- Citizenship: United States
- Education: Marquette University
- Known for: Director of C-SPAN Archives
- Scientific career
- Fields: Political science and communication
- Workplaces: Purdue University

= Robert X. Browning =

American academic

Robert Xavier Browning is a professor at Purdue University and head of the C-SPAN Archives in West Lafayette, Indiana.

==Education and academic career==
Browning graduated from Marquette University with a Bachelor of Science degree in 1972. He received a master's degree in public administration in 1977 and a master's degree in political science in 1978, both from the University of Wisconsin–Madison. In 1981, he was awarded his Ph.D., also from the University of Wisconsin–Madison, under the direction of Ira Sharkansky with the thesis "Political and economic predictors of policy outcomes: U.S. social welfare expenditures, 1947-1977".
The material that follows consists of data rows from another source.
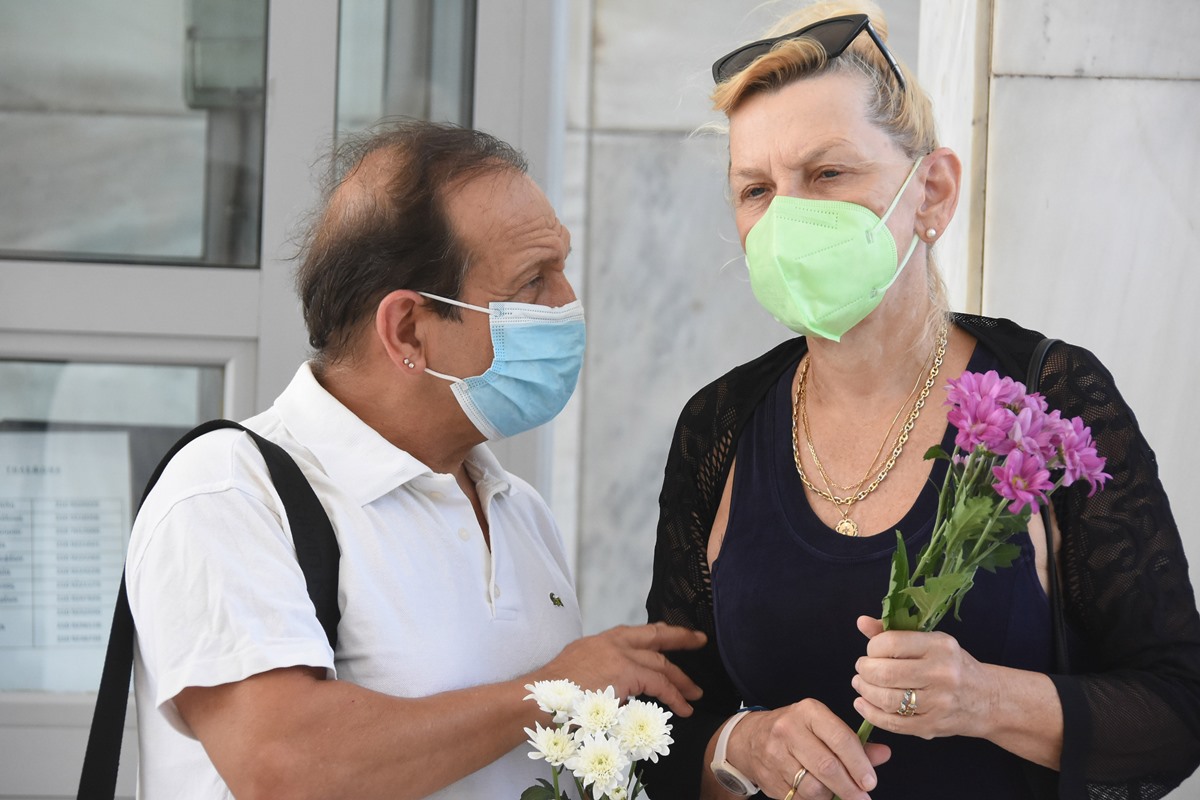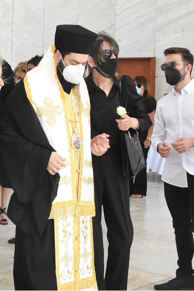 Η σύζυγός του, Ντίνα Θέμελη ντυμένη στα μαύρα και φανερά συντετριμμένη έφτασε στην εκκλησία.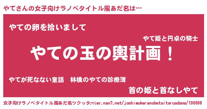 | ヘコむあだ名 | 『やてっぺ』『やてもー』『酢こんぶ』 |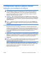 Conteúdo Configuração rápida e passos iniciais Instalação e personalização do software ........................................................ 1 Instalação do sistema operacional ............................................... 1 Download de atualizações do Microsoft Windows ....................... 2 Instalação ou atualização de drivers de dispositivos ................... 2 Personalização da exibição do monitor ........................................ 3 Proteção do software .................................
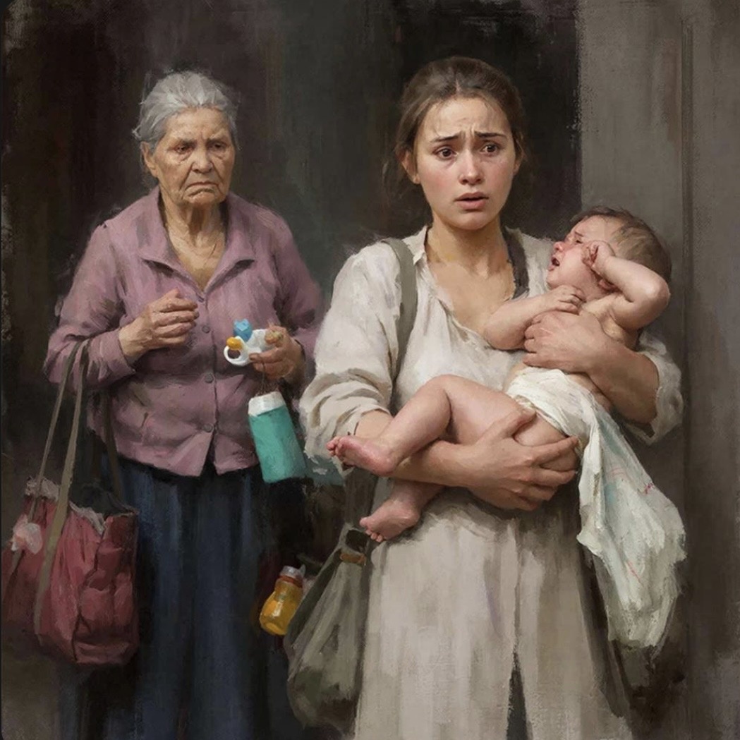 Молодая мама стояла передо мной и ритмично как пружинка приседала в коленях: то ли себя так успокаивала, то ли держащего на руках маленького Никиту, у которого были красные от слез глаза, немного приоткрытый рот с выпирающей губой и вытекающие слюни, размазанные по подбородку. Его лицо будто застыло в моменте за секунду до того, как окончательно расплакаться.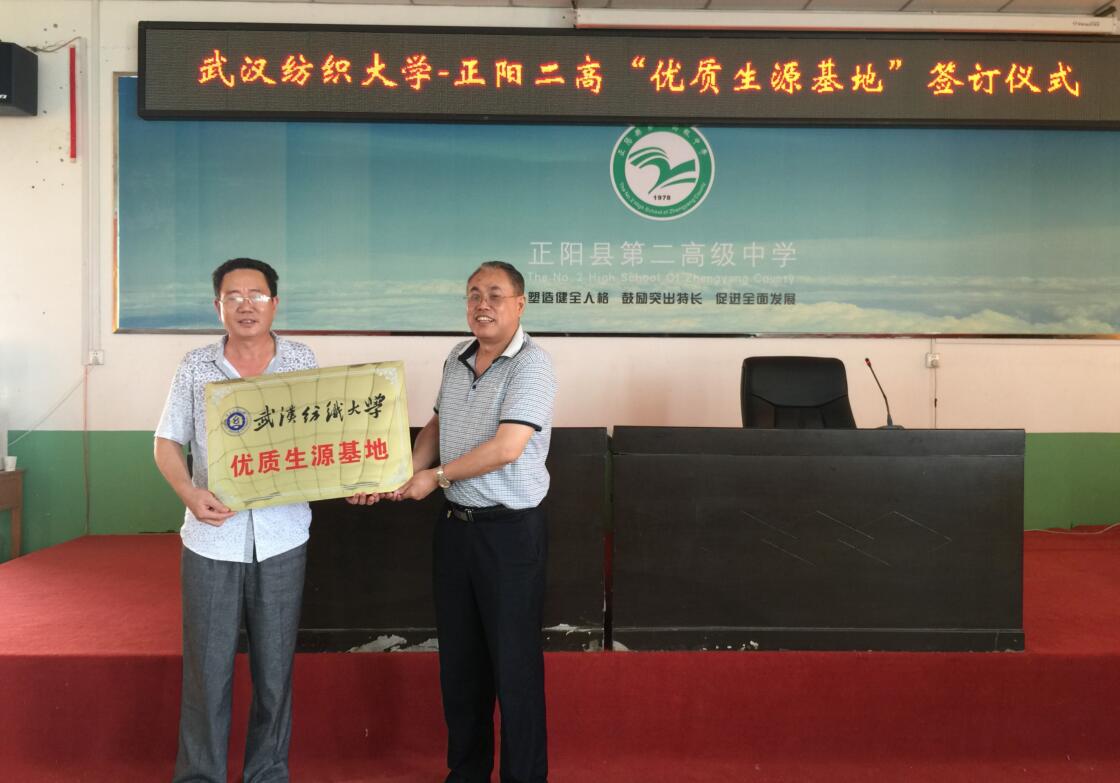 最后,双方签订了“优质生源基地建设协议”,并将“武汉纺织大学优秀生源基地”牌匾授予正阳二高。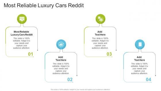 Introducing our well-designed Most Reliable Luxury Cars Reddit In Powerpoint And Google Slides Cpb. This PowerPoint design presents information on topics like Most Reliable Luxury Cars Reddit. As it is predesigned it helps boost your confidence level. It also makes you a better presenter because of its high-quality content and graphics. This PPT layout can be downloaded and used in different formats like PDF, PNG, and JPG. Not only this, it is available in both Standard Screen and Widescreen aspect ratios for your convenience. Therefore, click on the download button now to persuade and impress your audience. Our Most Reliable Luxury Cars Reddit In Powerpoint And Google Slides Cpb are topically designed to provide an attractive backdrop to any subject. Use them to look like a presentation pro.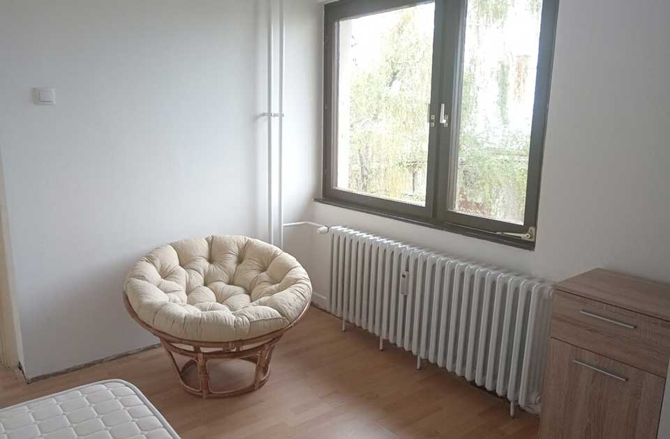 Stan od 37 kvadrata je kompletno renoviran. Nalazi se na petom spratu, u zgradi bez lifta. Sastoji se od dnevnog boravka sa trpezarijom, spavaće sobe, odvojene kuhinje i kupatila. Na podovima je laminat, spoljna stolarija je drvena, grejanje je gradsko sa ugrađenim kalorimetrima.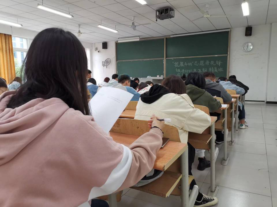 为贯彻落实中央文明办、共青团中央等一系列关于志愿服务工作的意见和指示精神,进一步深化学校“完满教育”育人理念,着力提升大学生志愿者的综合素质,加强志愿者们的服务技能,使志愿者更好地具备团结协作能力、创新开拓能力、组织管理能力,培养志愿者骨干,进一步推进志愿服务专业化、制度化、规范化建设。10月15日12:00“花果4+N”志愿者先锋锻造计划第五期精英班选拔在第五教学楼5101举行,校院两级志愿服务组织、各志愿服务专项支队、各公益类社团和其他志愿者骨干共100余名学生参与此次选拔笔试。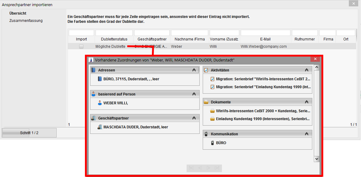 Anhand dieser Informationen sollen Sie ausschließen können, dass es sich um keine Dublette handelt.Import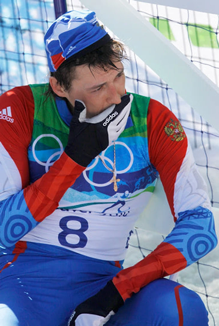 Олимпиада-2010, скиатлон (15 км классикой, 15 км коньком). Сразу после переобувания Юхан Олссон ушел в отрыв, который быстро вырос до 30 секунд. Группу долго тащил Александр Легков, за пару км до финиша его терпение лопнуло.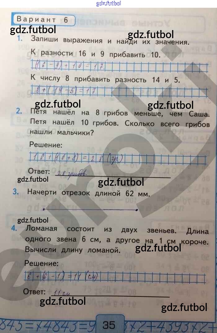 Готовые домашние задания по Математике за 2 класс Рудницкая Контрольные работы УМК 2017 ФГОС - Итоговая контрольная работа Вар-6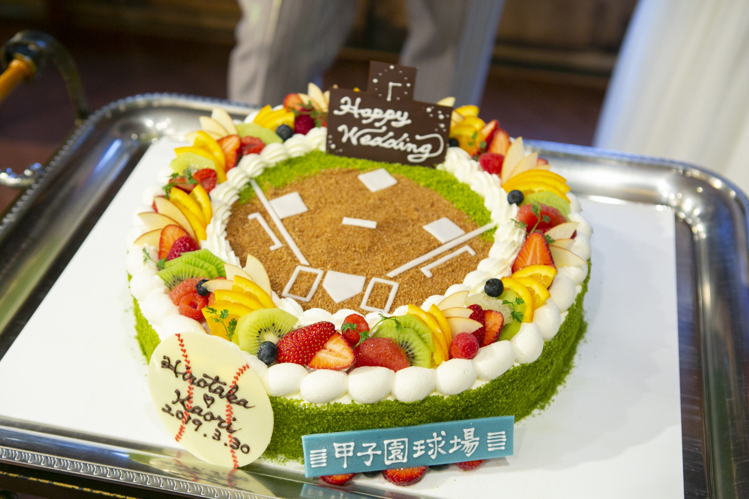 そんなお2人のウェディングケーキは甲子園球場をモチーフに。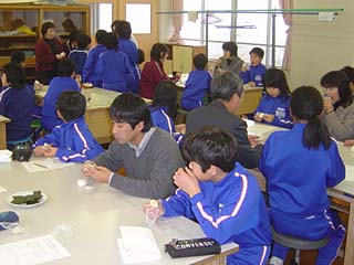 どのようにしてお米を作ってきたか,苦労したことは,…子どもたちと語らいながらの楽しい試食会でした。 |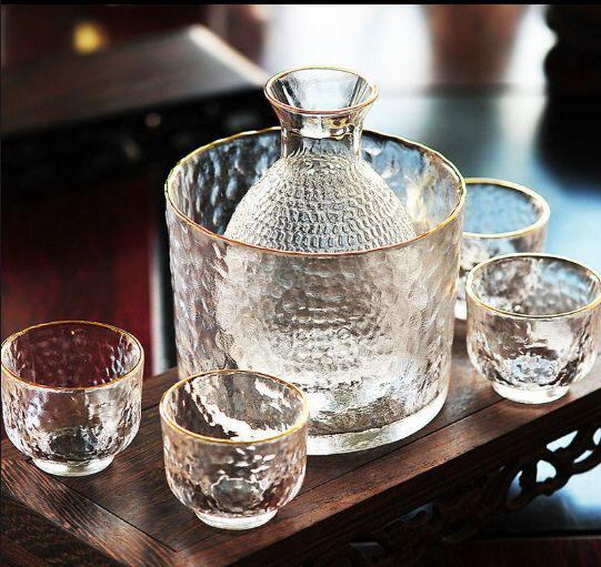 【耐熱ガラス、熱燗対応】耐熱ガラスを採用し、外のボウル容器にお湯をを入れて、やわらかで美味しい【ぬる燗】も作れます。冬で一カップで、身体が暖かくなります。お酒の席に彩りを添える、涼しげでおしゃれなデザインの酒器セットです
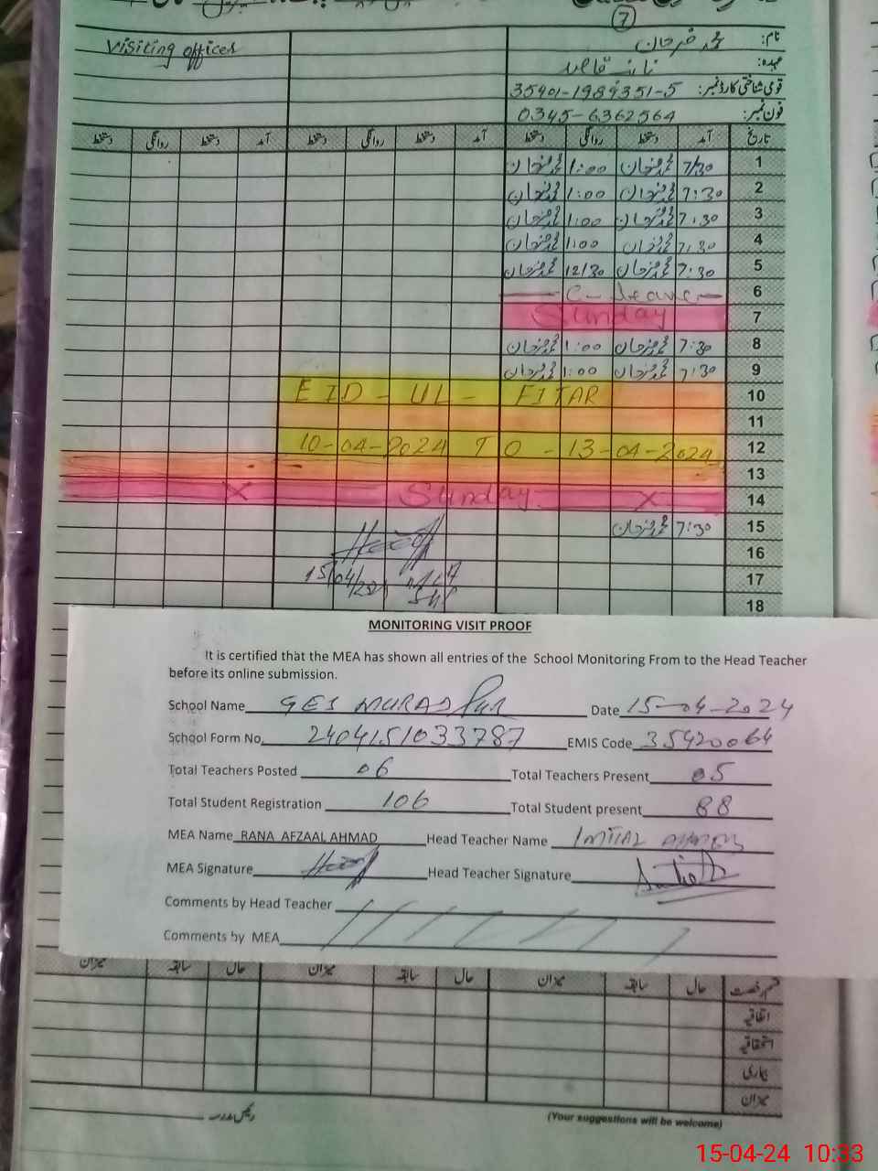 | EMIS Code: 35420064 | Name of School: GES MURAD PUR | |||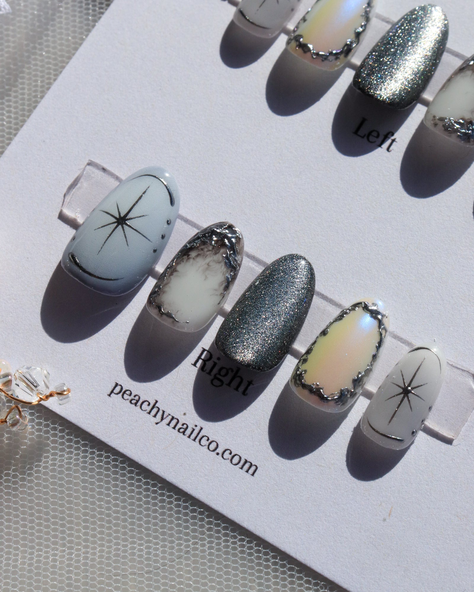 Each nail set comes with 10 nails in the chosen shape and sizes, and a free nail pack that includes: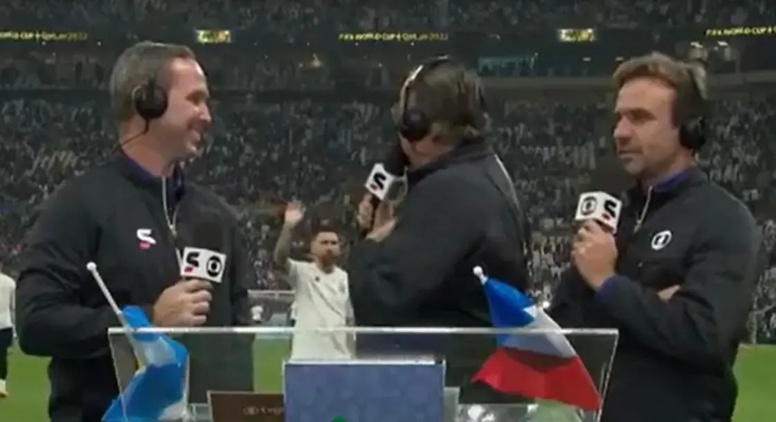 Messi acena para Galvão durante transmissão da final da Copa do Mundo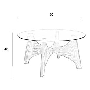 Het essenhouten onderstel, samen met het ronde glazen tafelblad, maakt het ontwerp van deze salontafel compleet. Door de combinatie van de pure materialen past de tafel in een rustig interieur.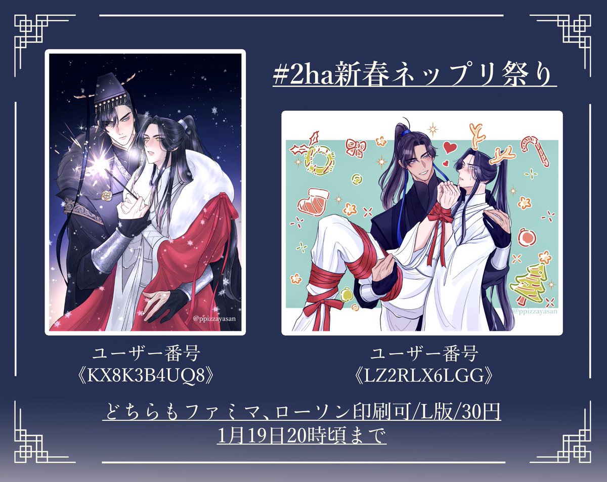 Happy New Year❄️2022❄️ 今年は肉まん先生の作品が日本語で上陸しますように🙏 どの媒体でもいいですよろしくお願いします!! ネップリ企画に参加しました!L,2L判、ローソンなど ユーザー番号: A3PYC6EG6G 有効期限: 2022-01-08 22時頃まで #2ha新春ネップリ祭り #2ha #二哈和他的白猫师尊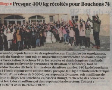 Article du Dauphiné Libéré en date du : 20/12/2023 ; La Balme de Sillingy ; Presque 400 kg récoltés pour Bouchons 74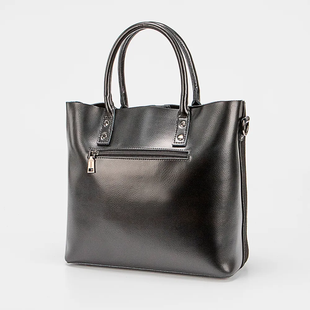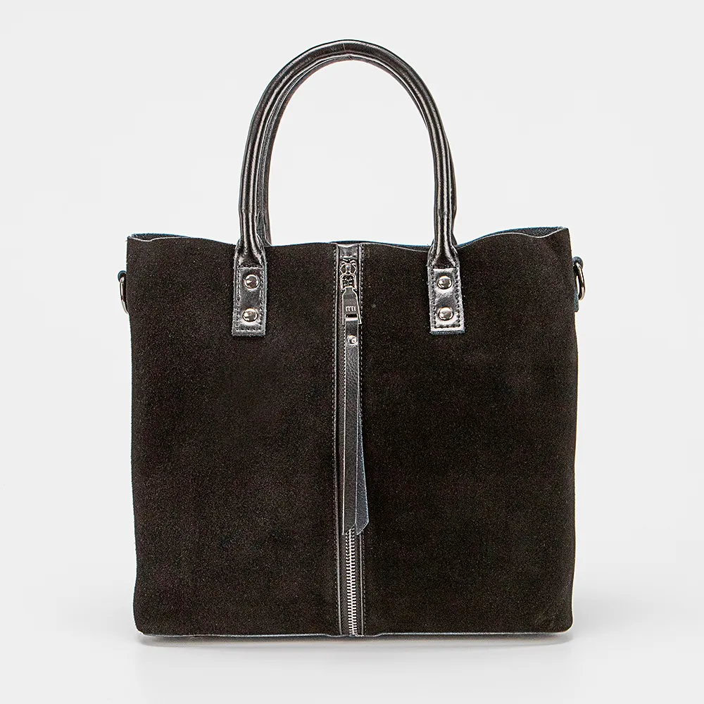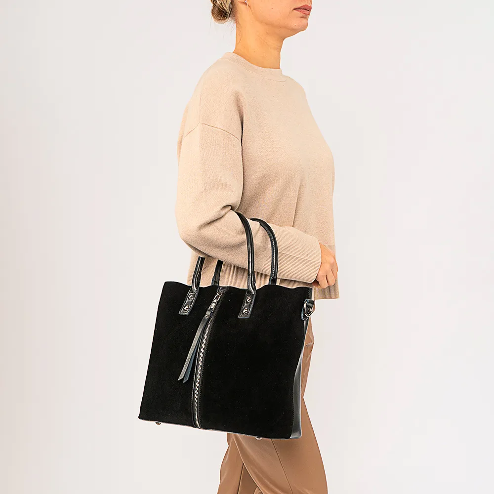Сумка от торговой марки Poshete из натуральной кожи и замши черного цвета. Модель с двумя ручками и съемным регулируемым плечевым ремнем. Отделение на молнии. Внутри: фирменная подкладка, средник и карман на молнии. На лицевой и задней сторонах – карман на молнии. Дно сумки оснащено металлическими ножками для защиты от износа.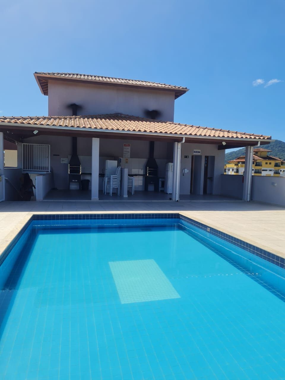 O condominio tem uma área de lazer no terraço, com piscina e churrasqueiras.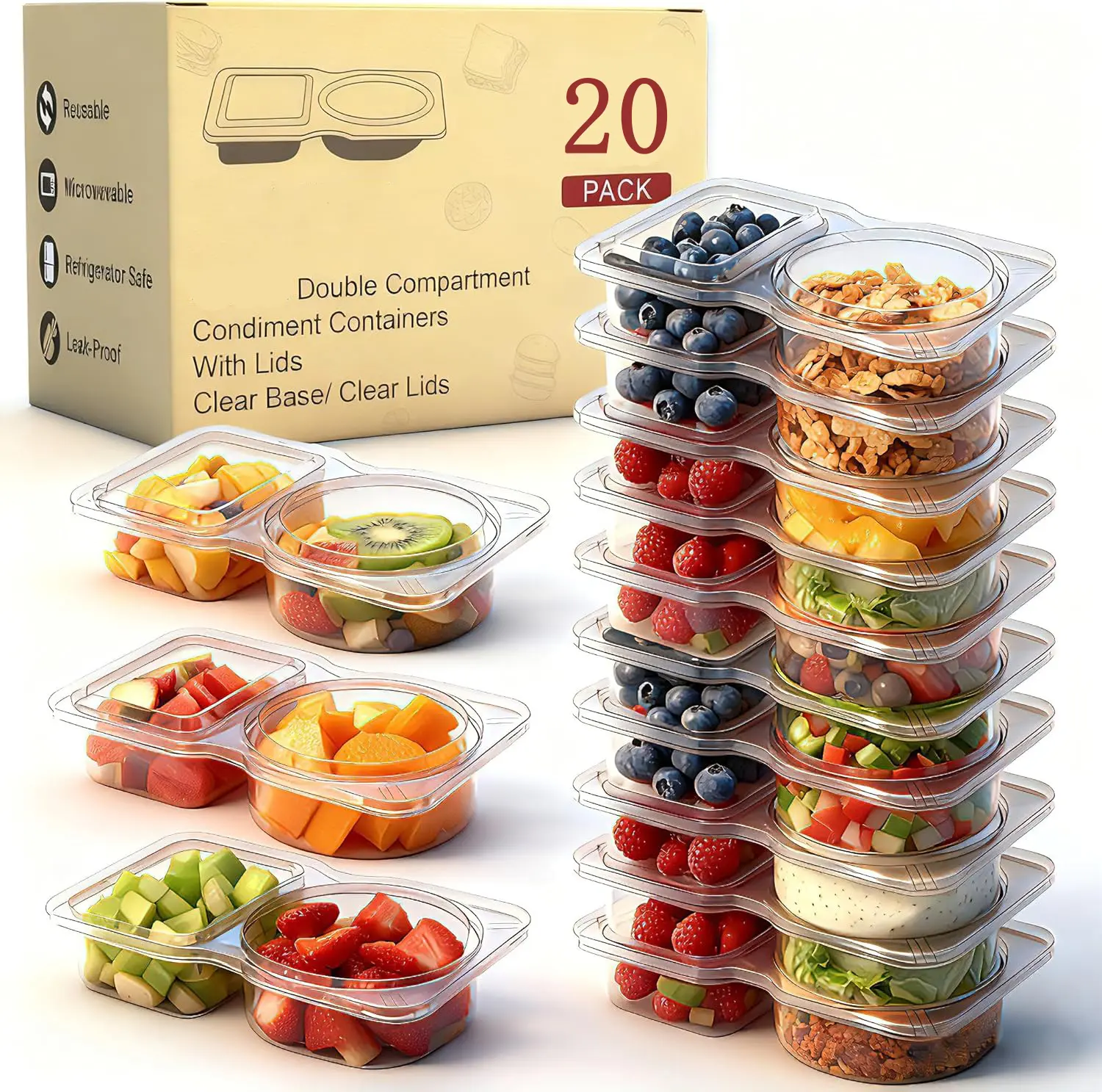 PORTABLE & LEAK-RESISTANT: The secure lids help prevent spills, making these double-compartment containers great for travel, picnics, and camping. Enjoy your snacks anywhere!

In 1981, he became an assistant professor at Purdue University, where he is currently professor of communication/political science. At Purdue, Browning teaches courses related to American politics and the United States Congress.

==C-SPAN Archives==
Browning is the founding director of the C-SPAN Archives. In 1986, with other Purdue professors, he developed the idea for an educational C-SPAN archive, which was approved in 1987 by David Caputo, then dean of Purdue's School of Humanities, Social Science and Education. In September 1987, the archive began cataloguing recordings of C-SPAN's coverage of Congress and other public affairs programming.

Browning assumed the title of Director of C-SPAN Archives in 1998, when the archives were transferred to C-SPAN's management. He facilitates educational access to C-SPAN's collection and oversees the archives, which are located in Purdue Research Park in West Lafayette, Indiana. By the time of the launch of the C-SPAN Video Library in 2010, Browning's team converted over 120,000 hours of recordings of C-SPAN programming from analog to digital. In 2011, the C-SPAN Video Library was awarded a Peabody Award.

== Publications==
- Robert X Browning. Politics and Social Welfare Policy in the United States (1986) Knoxville: University of Tennessee Press ISBN 9780870494864.
- The Experiment in Government (1995, 2000) Robert X Browning and Barbara Hinckley (online course with video examples)
Browning has also published several peer-reviewed articles:
- "Public Affairs Video Archives: The C-SPAN Persian Gulf Collection". Film & History, 32:1/2, ed. by Peter Rollins, February/May 1992.
- (with Gary King) "Democratic Representation and Partisan Bias in Congressional Elections". American Political Science Review. December 1987.
- (with Gary King) "Seats, Votes, and Gerrymandering: Measuring Bias and Representation in Legislative Redistricting", Law and Policy, July 1987.
- (with William Shaffer) "Leaders and Followers in a Strong Party State". American Politics Quarterly, January 1987.
- "Presidents, Congress, and U.S. Social Welfare Expenditures, 1947-1977". American Journal of Political Science, May 1985.